Following successful surgical repair of coarctation, complications such as re-coarctation, aneurysm formation at the site of repair, aortic rupture, myocardial infarction and subarachnoid hemorrhage are recognised [5,7,8]. Spinal artery ischaemia can occur due to diminished blood flow to spinal cord during surgical repair or at immediate post-operative period [9]. In long standing coarctation of aorta, vasculature can change with sclerosis or dilatation. This can involve the anterior spinal artery and it is thought to be the contributing factor for delayed thrombosis of anterior spinal artery in patients with coarctation, when other causes are excluded [8,9].
This patient was haemodynamically stable with normal cardiovascular examination findings on admission, which was immediately after the onset of symptoms. His CT aortogram excluded dissection, aortic rupture, aneurysm formation or re coarctation. Embolic manifestations were too excluded, so insitu thrombosis due to residual dilatation of the anterior spinal artery was considered as the pathology.

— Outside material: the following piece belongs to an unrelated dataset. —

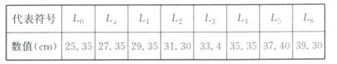 (2)弹簧自然悬挂,待弹簧静止时,长度记为$ L_0 $,弹簧下端挂上砝码盘时,长度记为$ L_x $;在砝码盘中每次增加10 g砝码,弹簧长度依次记为$ L_1 $至$ L_6 $,数据如下表:

Management of anterior spinal artery thrombosis remains debatable. Studies have shown no proven benefits in usage of corticosteroids or anticoagulation [10]. Secondary prophylaxis using aspirin is of proven benefit, which was initiated in our patient [10]. Rehabilitation is the most crucial management step in these patients, which gives successful outcomes as in our patient. Spinal cord infarction itself being a rare condition [11], we illustrated a young gentleman presenting with anterior spinal artery thrombosis, 14 years following successful aortic coarctation stenting.

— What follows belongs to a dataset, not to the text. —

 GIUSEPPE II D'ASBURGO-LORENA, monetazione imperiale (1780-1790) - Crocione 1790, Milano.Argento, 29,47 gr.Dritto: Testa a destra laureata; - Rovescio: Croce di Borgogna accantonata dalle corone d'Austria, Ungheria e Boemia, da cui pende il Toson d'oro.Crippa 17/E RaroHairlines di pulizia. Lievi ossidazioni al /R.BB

His story teaches us on the need of proper neurological assessment of suspected spinal cord lesions with syndromic approach. Even though delayed anterior spinal artery thrombosis is a rare entity in patients who had coarctation of aorta, consideration of the underlying vascular pathology with regard to the clinical presentation, helped us to make the diagnosis. Early imaging with MRI helped to confirm it as well as to rule out other differentials. This patient’s story further emphasizes the benefit of early initiation of rehabilitation which gave a favourable outcome to this patient.